For supported fields, TLS certificates, and troubleshooting, see Using Kubernetes Secrets.

High-Throughput Kafka Pipeline

For high Kafka message rates (tens of thousands msg/s), increase channelBufferSize and sink batchSize:

spec:
  channelBufferSize: 500   # default 100; reduces blocking when sink is slower than source
  source:
    type: kafka
    config:
      brokers: [localhost:9092]
      topic: high-volume-topic
      consumerGroup: dataflow-group
  sink:
    type: postgresql
    config:
      connectionString: "..."
      table: events
      batchSize: 500
      batchFlushIntervalSeconds: 2

Configuring Pod Resources and Placement

Each DataFlow resource creates a separate pod (Deployment) for processing. You can configure resources, node selection, affinity, and tolerations for these pods.

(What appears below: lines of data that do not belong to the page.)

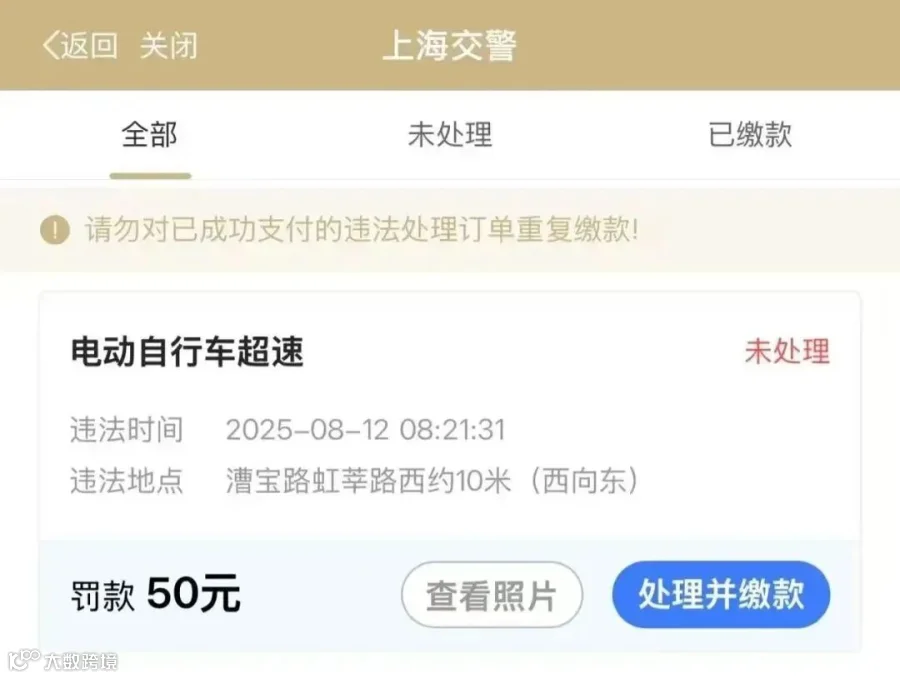 2025年11月4日14时35分,闵行交警在华翔路建虹路路口,对当事人杨某实施“非机动车未在非机动车道内行驶的”违法行为,处以罚款50元。
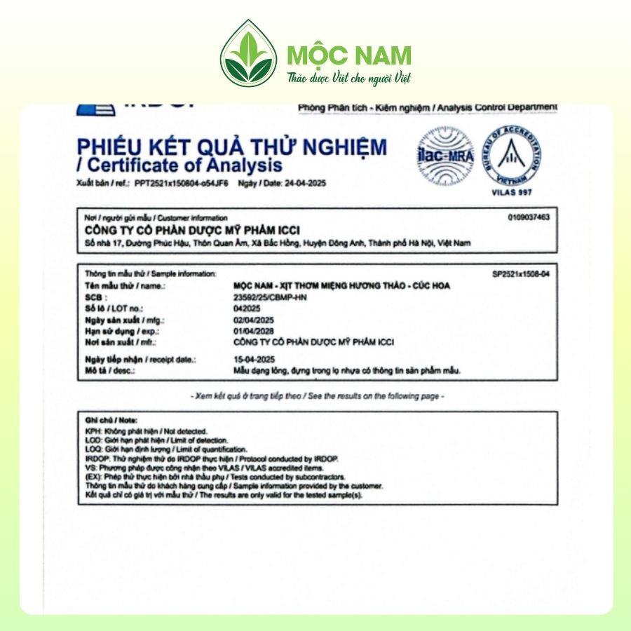 Với thành phần chính bao gồm hương thảo chiết CO2 siêu tới hạn cùng Cúc hoa và các loại thảo dược khác, xịt thơm miệng Mộc Nam giúp khử mùi ngay lập tức, dịu nhẹ, hạn chế vi khuẩn phát triển để bạn tự tin giao tiếp suốt cả ngày.
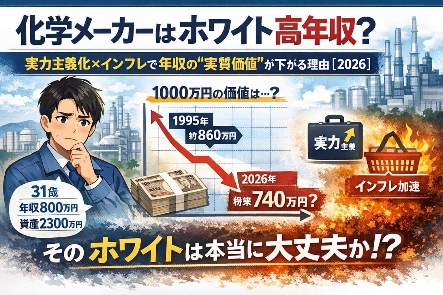 本記事では、化学メーカーの中の人である私が、自身の給与・資産形成のリアルを公開するとともに、これからJTCを生き抜くために知っておくべき「残酷な変化」について詳しく解説します。あくまでイチ個人、イチ企業の事例の紹介に留まるため、その点ご留意ください。
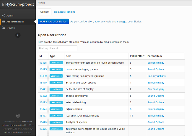 Tuleap 是一个应用程序生命周期管理(ALM)平台,旨在为每种类型的团队管理项目——小型、中型、大型、瀑布、敏捷或混合型——但是它对敏捷团队的支持是显著的。值得注意的是,它为 Scrum、看板、sprints、任务、报告、持续集成、backlogs 等提供支持.
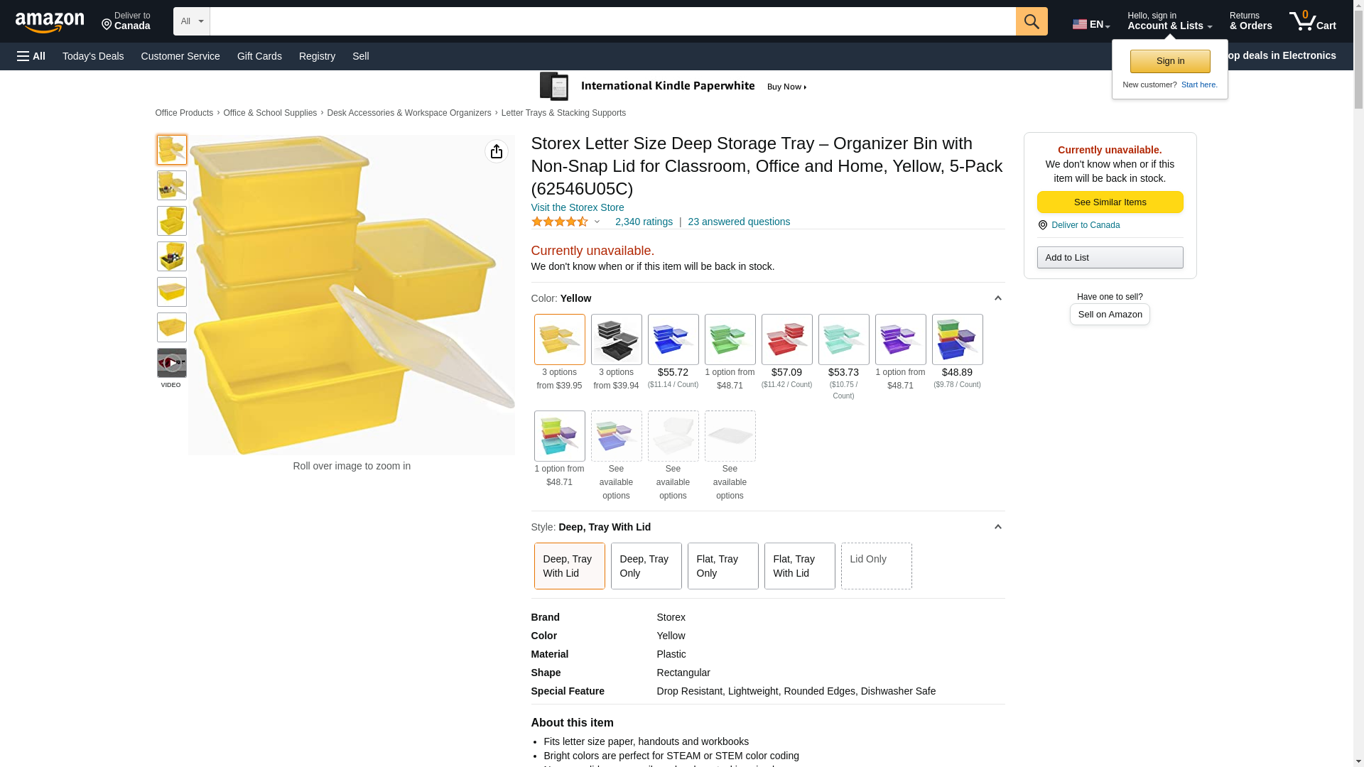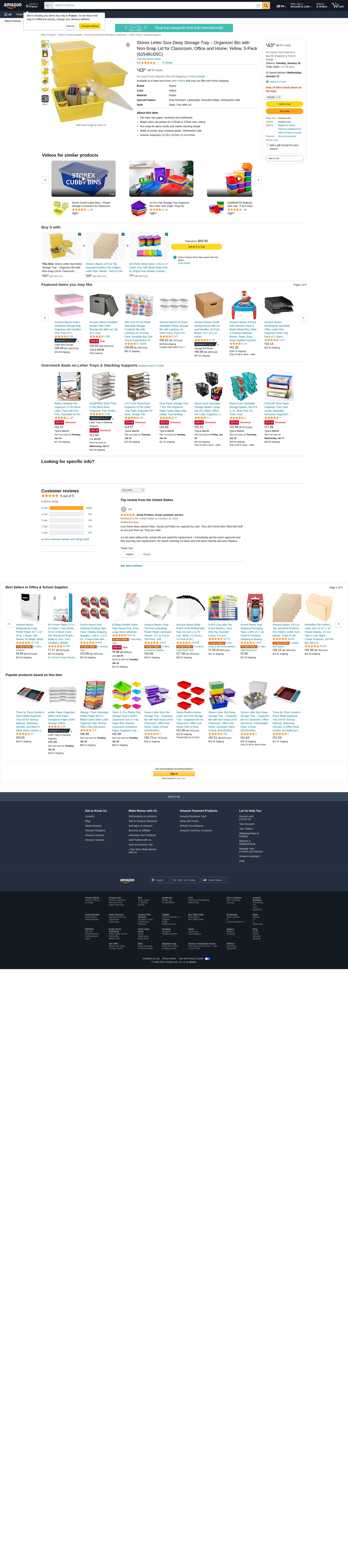 Storex Letter Size Deep Storage Tray – Organizer Bin with Non-Snap Lid for Classroom, Office and Home, Yellow, 5-Pack (62546U05C)
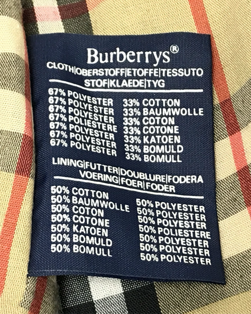 • Description: Trench coat with double-breasted closure and strapped cuffs, lining with Vintage Check motif
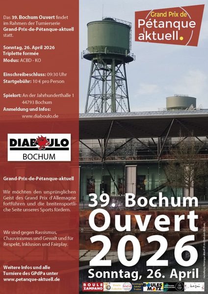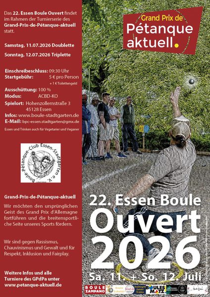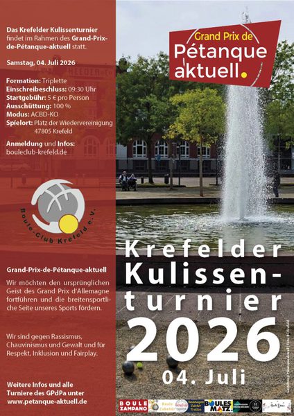 Die Mülheimer Stadtmeisterschaft im Doublette formée findet am Samstag, dem 12. September 2026, beim Boule Club Mülheim statt.
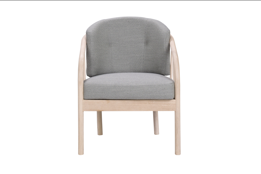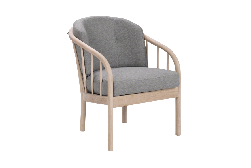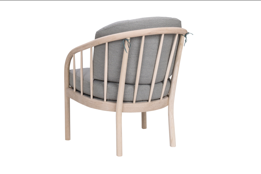 På billedet ses en Maria stol i ubehandlet egetræ og med lysegråt Misha uld betræk.
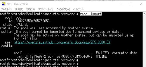 2025年6月にメインファイルサーバーのzfsのプールを飛ばしてしまいましたが、何とかリカバリー(読み出し)をして、少しでもデータを引き上げたいです。 障害発生時点のディスクのバックアップ作りましたので、一時ファイルサーバーに取り付けたレプリケート…
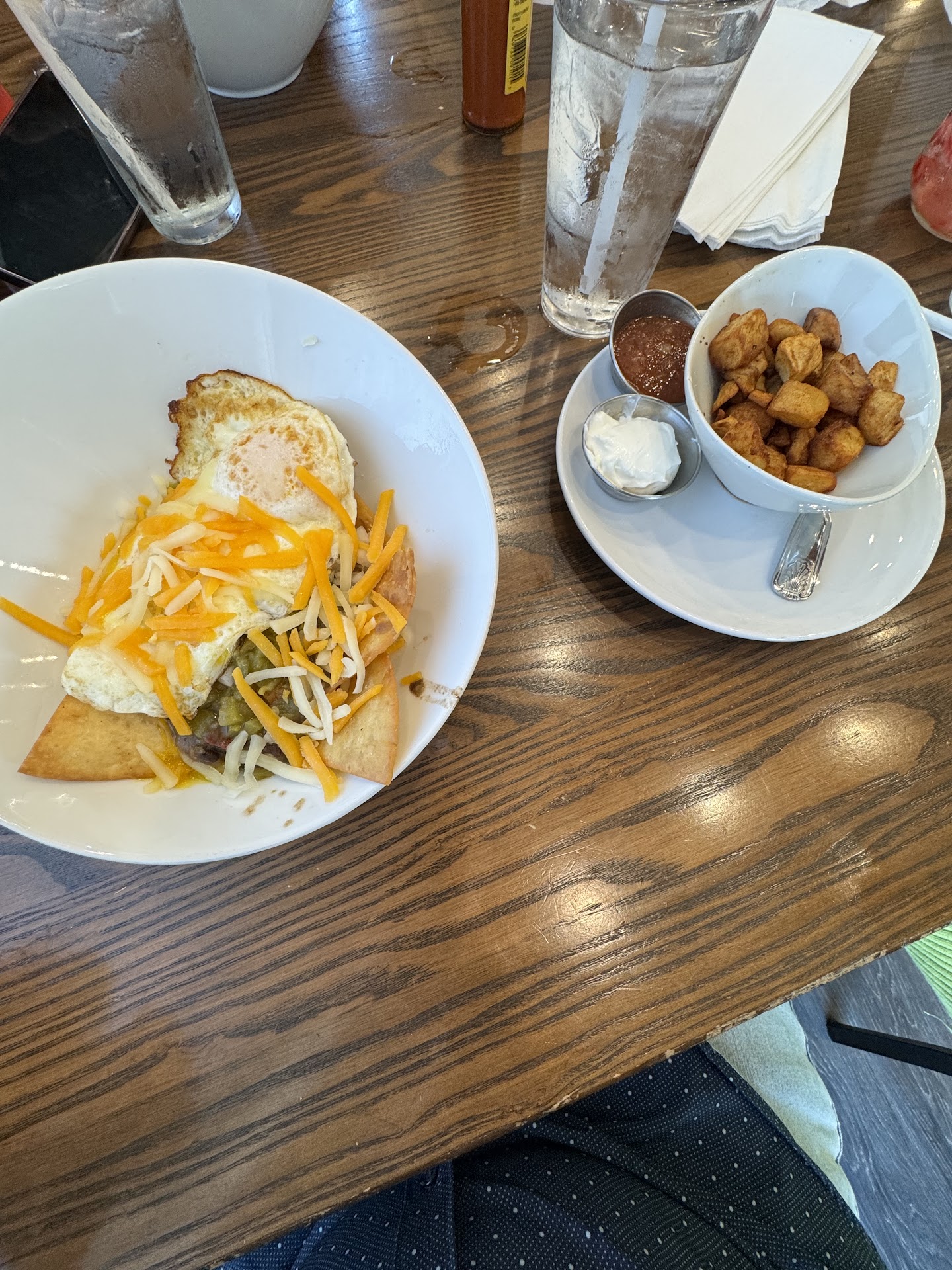 Read moreNot impressed. We went in during brunch on a nice Sunday. The hostess quoted us 30-45 minutes for a table for 2. Not bad considering. Got our initial welcome text and waited. It was an hour before I said something to the hostess. She apologized and said they lost our spot on the waiting list but would seat us immediately. She handed us off to our waitress who seemed less than happy to have us or another table. She placed our menus and asked if we wanted something to drink. I kindly asked for a few minutes to look at the menu since we haven’t been here before and we hadn’t even sat down yet. I had to repeat myself. She came back 5 minutes later. We gave our order and she came back quickly with them. Not an issue. She gave us a few minutes and asked if we were ready to order. We ordered but it was a struggle. She seemed impatient and wasn’t understanding what we needed. One of us has an allergy and we needed clarification. It wasn’t translating for her. We made a modification and things got lost in translation there too. Clearly I was annoyed. Didn’t wait too long for our food. But it was all wrong. Both entrées had to be sent back. My gf ordered the huevos rancheros. Came out without the full ingredients. The flour tortilla chips were not good. The side of pancakes and fruit were right. I ordered the eggs black stone Benedict. I read the menu wrong thought it had ham. My waitress was really good about getting me the ham. However the eggs were over cooked. They were hard boiled eggs. I asked for the manager. Both women were nice and apologetic. The manager redid our food and compt our main entrees. She gave us some free entree cards for next time. It was a nice gesture but Tbh I dnt think we will return. The food was not up to our liking and it was a waste of 2hrs....

Example: Custom Resources and Node Selection

apiVersion: dataflow.dataflow.io/v1
kind: DataFlow
metadata:
  name: kafka-to-postgres-with-resources
spec:
  source:
    type: kafka
    config:
      brokers:
        - localhost:9092
      topic: input-topic
      consumerGroup: dataflow-group
  sink:
    type: postgresql
    config:
      connectionString: "postgres://dataflow:dataflow@postgres:5432/dataflow?sslmode=disable"
      table: output_table
  # Configure resources for the processor pod
  resources:
    requests:
      cpu: "200m"
      memory: "256Mi"
    limits:
      cpu: "1000m"
      memory: "1Gi"
  # Select nodes for pod placement
  nodeSelector:
    node-type: compute
    zone: us-east-1
  # Affinity rules for more precise placement control
  affinity:
    nodeAffinity:
      requiredDuringSchedulingIgnoredDuringExecution:
        nodeSelectorTerms:
        - matchExpressions:
          - key: kubernetes.io/arch
            operator: In
            values:
            - amd64
      preferredDuringSchedulingIgnoredDuringExecution:
      - weight: 100
        preference:
          matchExpressions:
          - key: node-type
            operator: In
            values:
            - compute
    podAffinity:
      preferredDuringSchedulingIgnoredDuringExecution:
      - weight: 50
        podAffinityTerm:
          labelSelector:
            matchExpressions:
            - key: app
              operator: In
              values:
              - dataflow-processor
          topologyKey: kubernetes.io/hostname
  # Tolerations for working with tainted nodes
  tolerations:
  - key: dedicated
    operator: Equal
    value: dataflow
    effect: NoSchedule
  - key: workload-type
    operator: Equal
    value: batch
    effect: NoSchedule

Apply:

kubectl apply -f dataflow/config/samples/kafka-to-postgres-with-resources.yaml

Resource Configuration

  • resources: Defines CPU and memory requests and limits for the processor pod
  • If not specified, defaults are used: 100m CPU / 128Mi memory (requests), 500m CPU / 512Mi memory (limits)
  • Use this to ensure pods have sufficient resources for high-throughput processing

Node Selection

  • nodeSelector: Simple key-value pairs to select specific nodes
  • Example: node-type: compute ensures pods run only on nodes labeled with node-type=compute

Affinity Rules

  • affinity: Advanced placement rules using Kubernetes affinity
  • nodeAffinity: Control which nodes pods can run on
  • podAffinity: Prefer to run pods near other pods (e.g., other dataflow processors)
  • podAntiAffinity: Avoid running pods near other pods (e.g., spread across nodes)

Tolerations

  • tolerations: Allow pods to run on tainted nodes
  • Useful for dedicated compute nodes or specialized hardware
  • Example: Run dataflow processors on nodes dedicated to batch workloads

Default Behavior

If resources, nodeSelector, affinity, or tolerations are not specified: - Default resources are applied (100m CPU / 128Mi memory requests, 500m CPU / 512Mi memory limits) - Pods can run on any node (no nodeSelector) - No affinity rules are applied - Pods cannot run on tainted nodes (no tolerations)

Checking Pod Status

After creating a DataFlow with custom resources, check the pod:

# List pods created by DataFlow
kubectl get pods -l app=dataflow-processor

# Describe a specific pod
kubectl describe pod dataflow-<name>-<hash>

# Check resource usage
kubectl top pod dataflow-<name>-<hash>

Additional examples are available in dataflow/config/samples/ directory.